• Material for the task

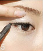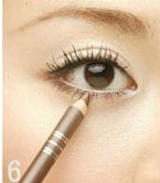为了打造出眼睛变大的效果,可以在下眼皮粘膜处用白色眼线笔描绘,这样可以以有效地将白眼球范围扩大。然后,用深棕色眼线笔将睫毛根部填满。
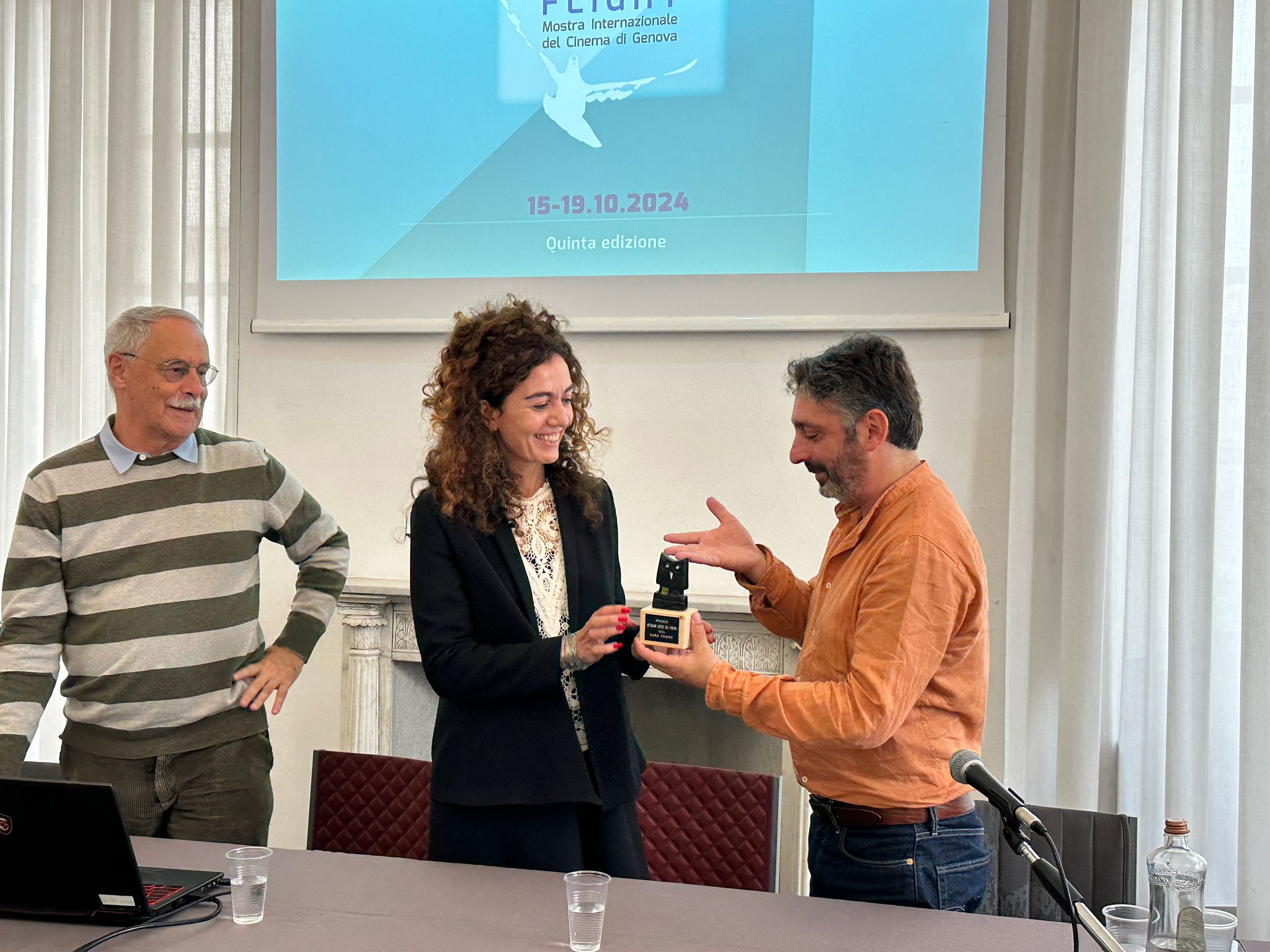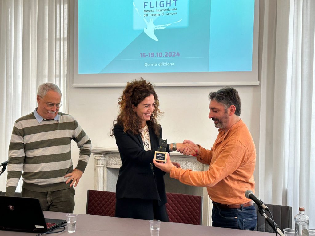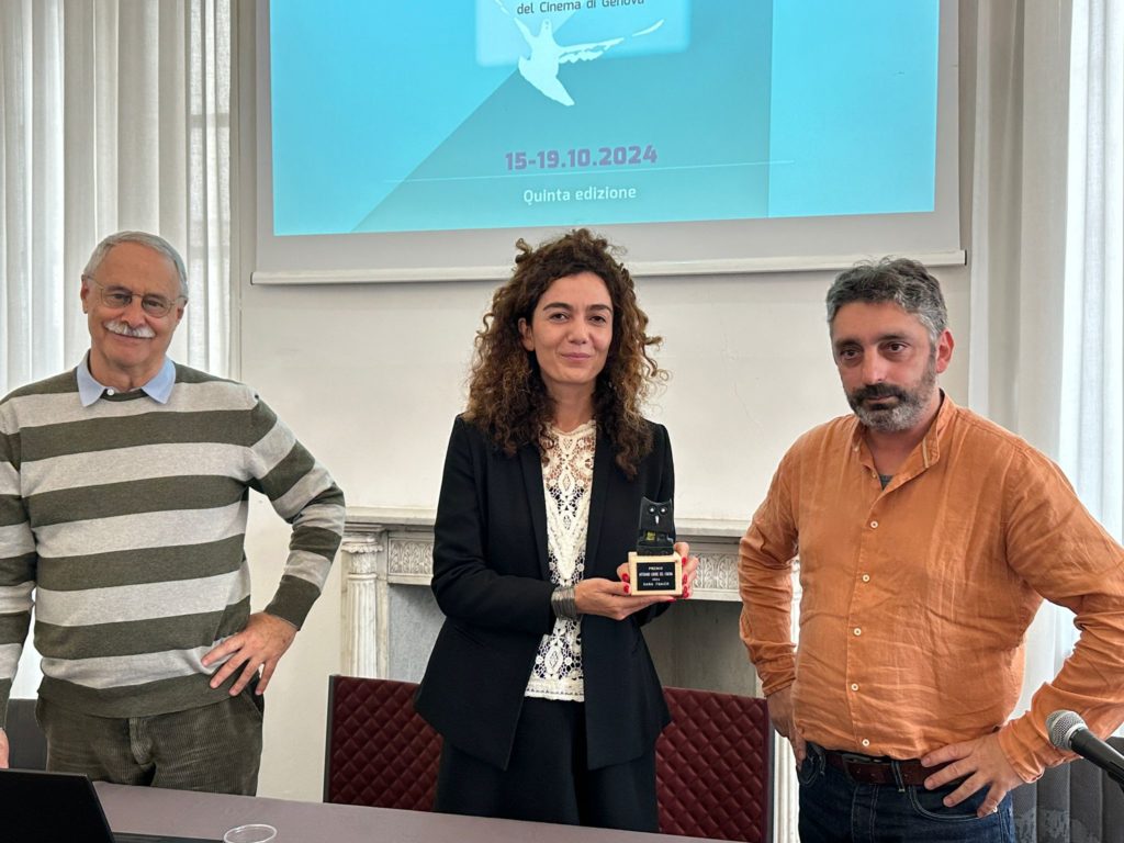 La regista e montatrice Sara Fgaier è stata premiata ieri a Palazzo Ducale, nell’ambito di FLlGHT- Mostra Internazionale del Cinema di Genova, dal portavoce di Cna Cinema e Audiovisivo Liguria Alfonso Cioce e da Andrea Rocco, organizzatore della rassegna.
* * *
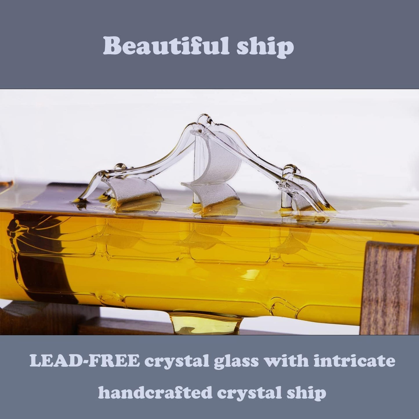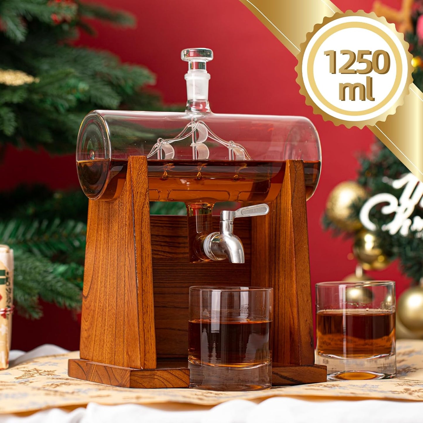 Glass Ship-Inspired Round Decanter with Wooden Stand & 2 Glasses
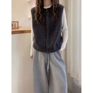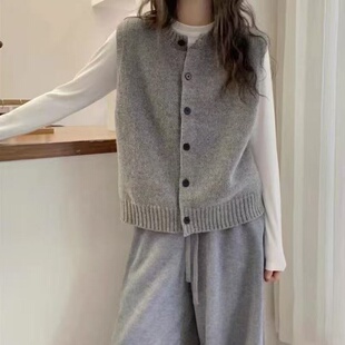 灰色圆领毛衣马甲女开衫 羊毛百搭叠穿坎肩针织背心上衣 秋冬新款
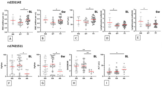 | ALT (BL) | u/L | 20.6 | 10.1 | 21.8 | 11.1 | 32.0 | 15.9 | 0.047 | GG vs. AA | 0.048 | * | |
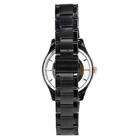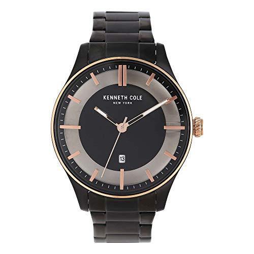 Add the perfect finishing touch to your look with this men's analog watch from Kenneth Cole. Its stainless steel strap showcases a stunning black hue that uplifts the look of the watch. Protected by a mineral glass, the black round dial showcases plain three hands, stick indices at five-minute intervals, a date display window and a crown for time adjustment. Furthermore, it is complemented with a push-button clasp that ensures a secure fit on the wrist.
...
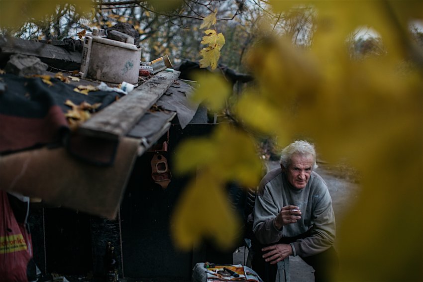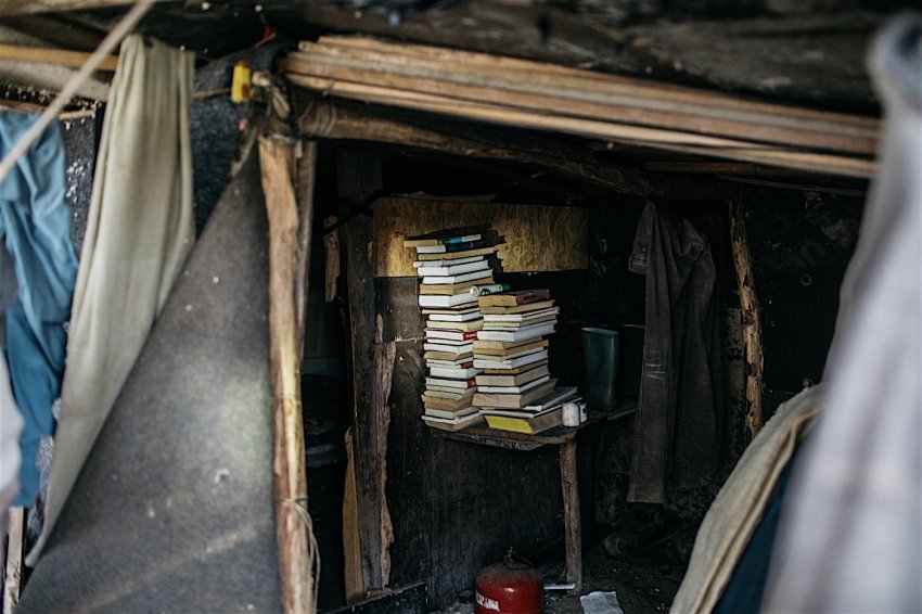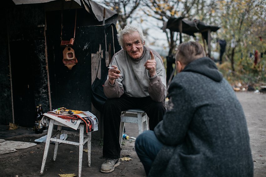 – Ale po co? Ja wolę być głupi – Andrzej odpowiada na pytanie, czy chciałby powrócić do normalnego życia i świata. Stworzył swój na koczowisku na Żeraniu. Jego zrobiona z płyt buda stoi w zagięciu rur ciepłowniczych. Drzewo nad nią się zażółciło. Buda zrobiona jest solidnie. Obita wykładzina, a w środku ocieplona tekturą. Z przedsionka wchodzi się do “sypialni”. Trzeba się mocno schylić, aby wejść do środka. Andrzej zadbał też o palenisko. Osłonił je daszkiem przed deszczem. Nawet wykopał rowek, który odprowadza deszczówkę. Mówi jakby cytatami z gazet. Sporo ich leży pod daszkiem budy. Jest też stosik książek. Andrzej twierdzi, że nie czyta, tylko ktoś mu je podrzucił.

• Work instructions
Output exactly the lines above, from the line with "AA | 0.048 | * | |" to the line with "Add the perfect", both included; skip the pictures.

• Solution below
 | ALT (BL) | u/L | 20.6 | 10.1 | 21.8 | 11.1 | 32.0 | 15.9 | 0.047 | GG vs. AA | 0.048 | * | |
 Add the perfect finishing touch to your look with this men's analog watch from Kenneth Cole. Its stainless steel strap showcases a stunning black hue that uplifts the look of the watch. Protected by a mineral glass, the black round dial showcases plain three hands, stick indices at five-minute intervals, a date display window and a crown for time adjustment. Furthermore, it is complemented with a push-button clasp that ensures a secure fit on the wrist.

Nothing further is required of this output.